Tramadol is more widely utilized in the preoperative, intraoperative, and postoperative period compared to other medications with serotonin-norepinephrine reuptake pharmacodynamics. Intraoperative use of tramadol is limited in favor of other pure opioid agonists; however, tramadol may be administered in the perioperative period as part of an effective multimodal pain regimen [38]. Tramadol has also been utilized as an adjunct to local anesthetic for a neuraxial blockade via an intrathecal approach, epidural, or combined spinal-epidural with varying success [41][42][43]. Adjunct agents are a method to prolong the duration of the blockade while minimizing unwanted side effects. These blocks are commonly employed by anesthesiologists for a variety of surgeries.

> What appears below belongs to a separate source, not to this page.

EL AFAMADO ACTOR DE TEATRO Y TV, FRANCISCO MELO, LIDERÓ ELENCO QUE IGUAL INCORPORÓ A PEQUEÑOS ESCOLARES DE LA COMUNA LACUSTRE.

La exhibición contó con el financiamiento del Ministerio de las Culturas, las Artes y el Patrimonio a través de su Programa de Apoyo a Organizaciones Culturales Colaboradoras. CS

In addition to applications as an adjunct to neuraxial anesthesia, tramadol has been utilized in combination with local anesthetics for applications in regional anesthesia. While tramadol does not have efficacy as a solo agent for regional anesthesia, it may improve the efficacy of local anesthetics [44]. This has been found regarding upper extremity blocks in particular [45]. However, not all data is supportive of tramadol as an effective adjunct for regional anesthesia [46]. There is some evidence suggestive of tramadol as a solo effective local anesthetic for maxillary infiltration [47]. The concurrent use of tramadol with other antidepressants is of specific interest due to the variety of applications of tramadol in the perioperative period and theoretical concerns over the development of serotonin syndrome. Current evidence suggests tramadol use with monoamine oxidase inhibitors should be avoided, but concurrent use with other antidepressants is not contraindicated [48].
Applications of tramadol in the postoperative period are related to its successful prevention of postoperative shivering [49][50][51]. Additionally, this benefit appears following a variety of different anesthetics, including remifentanil-induced shivering as well as following subarachnoid blocks [52][53]. Tramadol continues to draw interest as one component of a multimodal postoperative pain management strategy [54].